基本上安裝相當容易,不容易的地方在 Map/Reduce 相關的程式。
在開始前,建議先閱讀 HDFS Architecture 以了解設定上相關角色。
目前安裝在 Fedora 12 上,套件採用最新版的 hadoop-0.20.2
預計 master node: f180, slave node: f172, f173
Step1. 套件下載與設定
套件下載 (所有節點都執行)
# mkdir /usr/src/hadoop/
# cd /usr/src/hadoop/
# wget http://ftp.twaren.net/Unix/Web/apache/hadoop/core/stable/hadoop-0.20.2.tar.gz
# tar xvf hadoop-0.20.2.tar.gz
# cd hadoop-0.20.2
環境設定 (所有節點都執行)
指定 JAVA 目錄 (必要!)
# cat conf/hadoop-env.sh (Fedora 12 目前使用 openjdk)

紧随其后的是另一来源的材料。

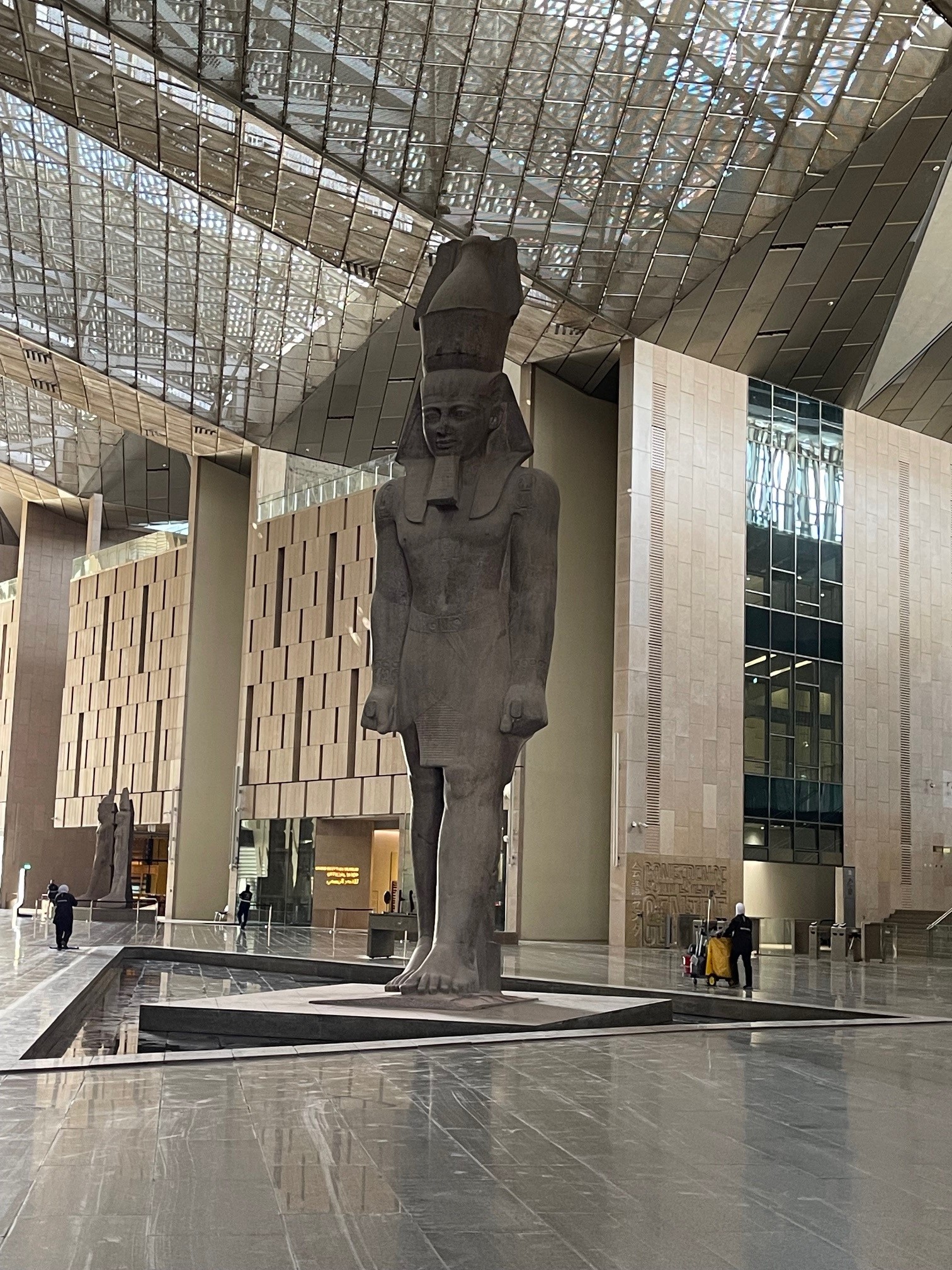 大エジプト博物館は、カイロ近郊のギザにある3大ピラミッド近くに国家的プロジェクトとして建設され、25年11月にグランドオープンしました。カイロ市内のエジプト考古学博物館が老朽化したため、その後継施設として02年から構想が進められ、日本の財政面、技術面の支援を受けて完成しました。約50万平方メートルの広大な敷地に、約10万点の文化財が展示される世界最大級の博物館です。展示・収蔵施設、修復センター、図書館などが併設され、エジプト観光の新たな目玉としてだけでなく、研究・教育面でも大きな期待が寄せられています。

-# export JAVA_HOME=/usr/lib/j2sdk1.5-sun
+export JAVA_HOME=/usr/lib/jvm/jre-1.6.0-openjdk
指定結點資訊
# cat conf/core-site.xml
# cat conf/hdfs-site.xml
# cat conf/mapred-site.xml
設定 master node (只在 master 執行)
[root@f180 hadoop-0.20.2]# cat conf/masters
f180
設定 slave nodes (只在 master 執行)
[root@f180 hadoop-0.20.2]# cat conf/slaves
f172
f173
建立暫存空間
[root@f180 hadoop-0.20.2]# mkfs.btrfs /dev/cciss/c0d1p1
[root@f180 hadoop-0.20.2]# mkdir /mnt/btrfs/hadoop/
[root@f180 hadoop-0.20.2]# mount -t btrfs /dev/cciss/c0d1p1 /mnt/btrfs/hadoop/
[root@f172 hadoop-0.20.2]# mkfs.btrfs /dev/cciss/c0d4p1
[root@f172 hadoop-0.20.2]# mkdir /mnt/btrfs/hadoop/
[root@f172 hadoop-0.20.2]# mount -t btrfs /dev/cciss/c0d4p1 /mnt/btrfs/hadoop/
[root@f173 hadoop-0.20.2]# mkfs.btrfs /dev/cciss/c0d4p1
[root@f173 hadoop-0.20.2]# mkdir /mnt/btrfs/hadoop/
[root@f173 hadoop-0.20.2]# mount -t btrfs /dev/cciss/c0d4p1 /mnt/btrfs/hadoop/
Step2. 初始化檔案系統
[root@f180 hadoop-0.20.2]# bin/hadoop namenode -format
10/05/14 17:17:43 INFO namenode.NameNode: STARTUP_MSG:
/************************************************************
STARTUP_MSG: Starting NameNode
STARTUP_MSG: host = f180.twaren.net/211.79.x.180
STARTUP_MSG: args = [-format]
STARTUP_MSG: version = 0.20.2
STARTUP_MSG: build = https://svn.apache.org/repos/asf/hadoop/common/branches/branch-0.20 -r 911707; compiled by 'chrisdo' on Fri Feb 19 08:07:34 UTC 2010
************************************************************/
10/05/14 17:17:43 INFO namenode.FSNamesystem: fsOwner=root,root,bin,daemon,sys,adm,disk,wheel
10/05/14 17:17:43 INFO namenode.FSNamesystem: supergroup=supergroup
10/05/14 17:17:43 INFO namenode.FSNamesystem: isPermissionEnabled=true
10/05/14 17:17:43 INFO common.Storage: Image file of size 94 saved in 0 seconds.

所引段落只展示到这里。